A heavy meat diet (more than 100g per day) has a carbon footprint of 2,62 tonnes per year. By reducing to a low meat diet (less than 50g per day) where you can still enjoy your occasional treats, but restrict the everyday consumption, you can come down to 1,70 tonnes. This reduction is equivalent to driving over 6000 km in an average diesel car! Average mileage for a car in the EU is 12 000 km per year.

Big burgers – less often!

Fish is a better alternative

Cutting out meat completely but still eating fish is referred to as a pescetarian diet. This reduces the carbon footprint even further, to 1,42 tonnes per year. Given that fish and seafood has relatively low carbon footprint, the difference between this diet and a vegetarian one is actually not that big – vegetarians are 1,39 tonnes per year. It is worth noting that fisheries have other environmental side effects (over fishing and disruption of ecosystems), but specifically in terms of climate, fish is not the bad guy!
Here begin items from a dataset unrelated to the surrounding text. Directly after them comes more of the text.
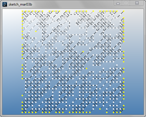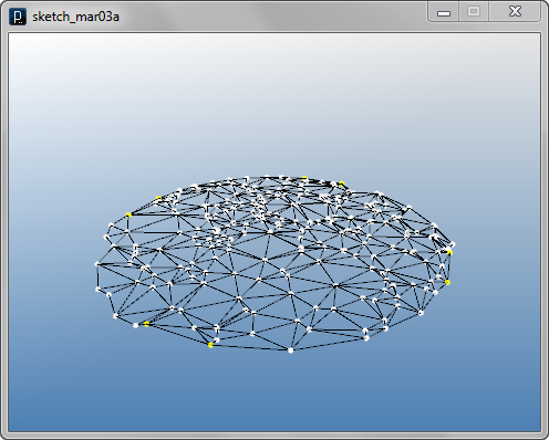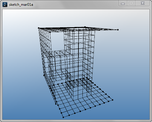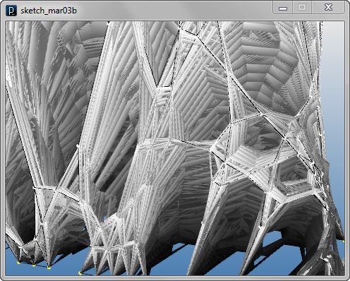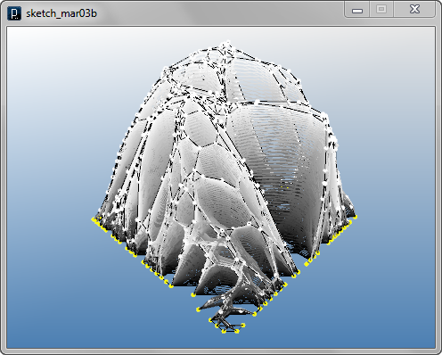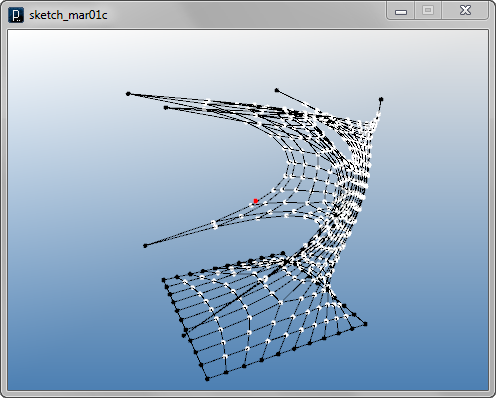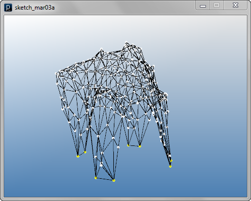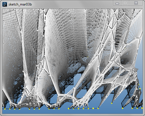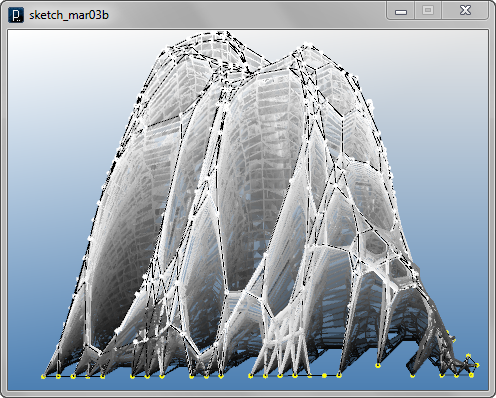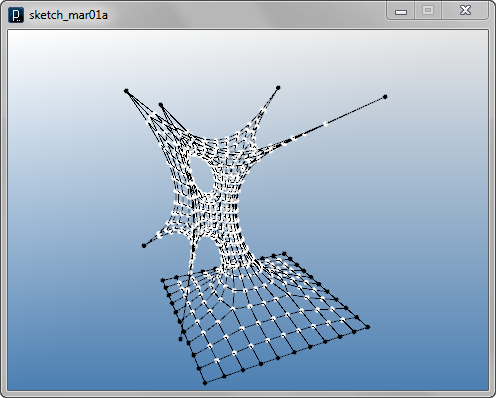 import igeo.*; import processing.opengl.*; size(480, 360, IG.GL); IG.open("lines1.3dm"); ITensileNet.create(IG.curves(), IG.points());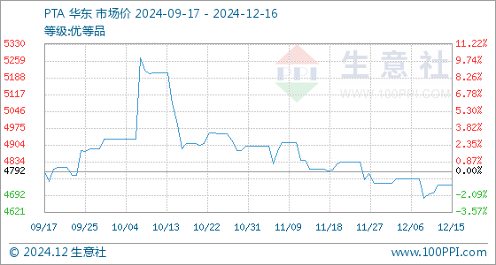 12月16日,生意社PTA基准价为4734.00元/吨,与本月初(4741.00元/吨)相比,下降了-0.15%。
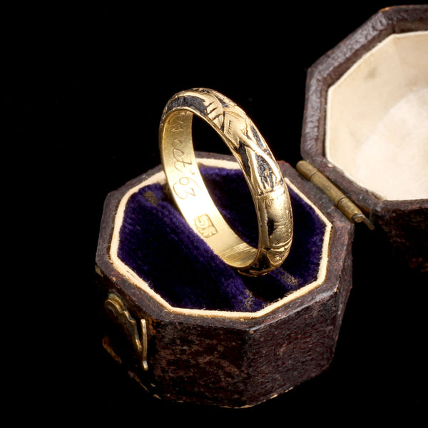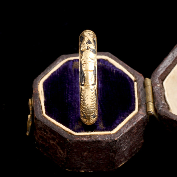 These extremely rare bands are called "skeletals" - the first example dates from 1659, and this one was made not long after in 1731. A full skeleton and other death-themed emblems are meant to drive home the brevity of life. An hourglass represents time passing, and gravedigger's tools are a poignant memento mori symbol. There's significant loss to the black enamel, which we actually like, because it means that you can truly wear this ring (if you're a size 8.5, that is - it cannot be resized.)  A perfect example with intact enamel would be unwearable without great care. This one? I mean, it is a treasure, but go ahead and stack it. A similar one (in pristine condition) has been deaccessioned by the Museum of London and is available from the venerable Symbolic & Chase; another example can be found in the British Museum. I cannot overstate how few of these are in circulation.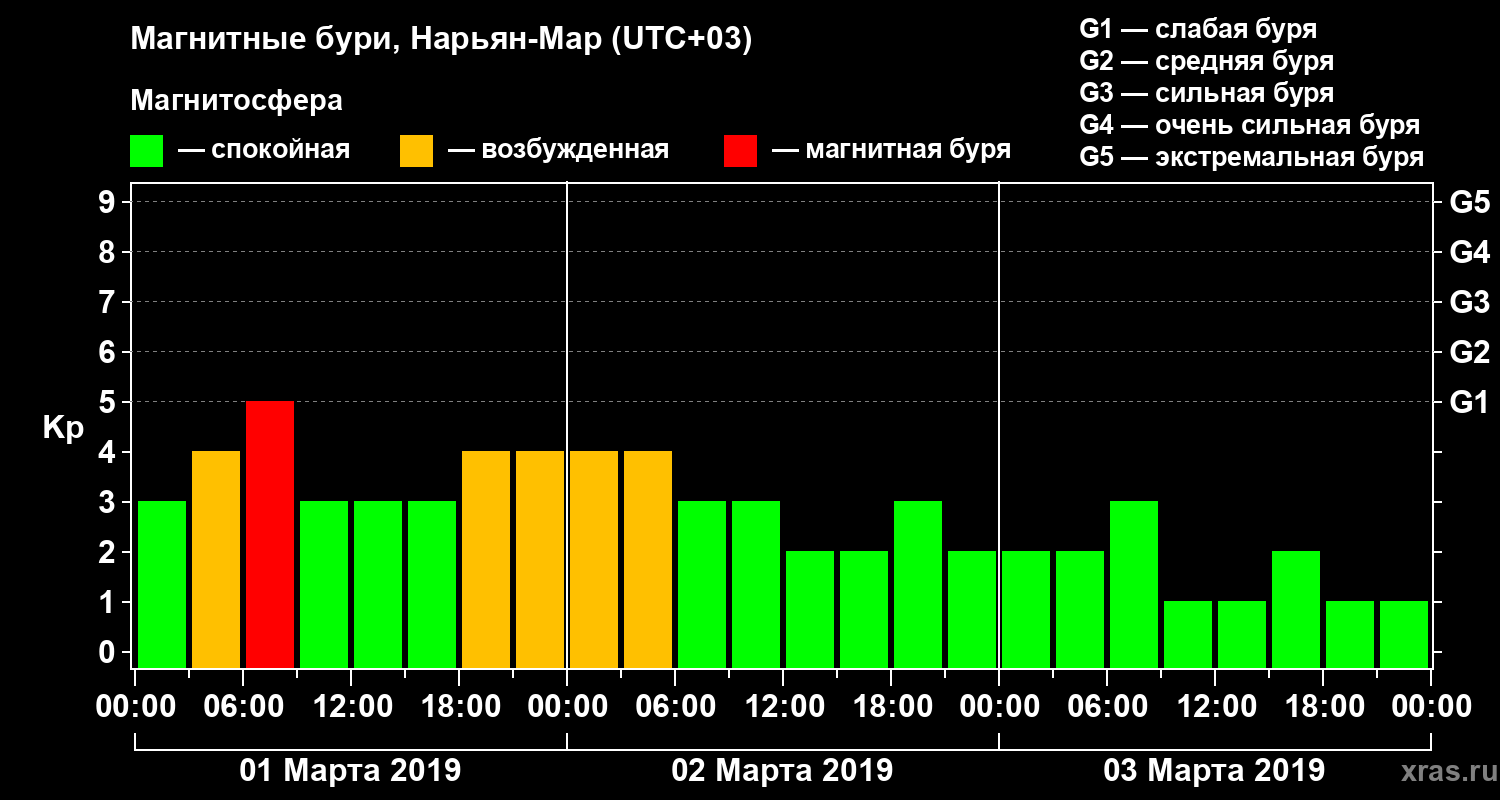 Магнитные бури в Нарьян-Маре 3 марта 2019 года

However, climate conscious vegetarians still want to be mindful about their dairy consumption – the difference between a vegetarian (no meat, fish) and a vegan (no meat, fish, dairy, eggs) is significant, and can take you from 1,39 to 1,05 tonnes. This is because the dairy cows emit greenhouse gases, especially methane.

Throwing food away is the most wasteful alternative

Last but not least – do not waste. If you happen to cook more than you want to eat – put it in the fridge for later. If a banana goes brown, put it in a smoothie. So much food is wasted, that the FAO estimated that a whopping whole third of all food produced is thrown away along the chain. Much of that happens before it reaches the consumer, but we can definitely be mindful not to contribute to the enormous amount of waste.

Too late – you should not eat mouldy food!

These are the main things to keep in mind to make your diet more climate-friendly. Other factors to consider is transport, but even so, the carbon footprint of 100g of protein from tofu is 2 kg, whereas 100g of beef protein is 50 kg. You can transport that tofu anywhere in the world and never reach the carbon footprint of beef. For those who are keen to look into details, we recommend the 2019 paper by Poore and Nemecek, Reducing food’s environmental impacts through producers and consumers.

As an end note, we see that the climate impact from an average diet in the US is much higher than the average diet in India. Apart from ingredients, these differences also depend on portion size. Needless to say, no one should go to bed hungry. We encourage healthy diets, and emphasize that our caloric needs vary greatly from person to person. The climate can supply us all with the quantities we need. 

The carbon footprint values for the general diets come from a 2014 paper by Scarborough et al, Dietary greenhouse gas emissions of meat-eaters, fish-eaters, vegetarians and vegans in the UK. These are to be seen as general estimates, noting that there are variations within the diets.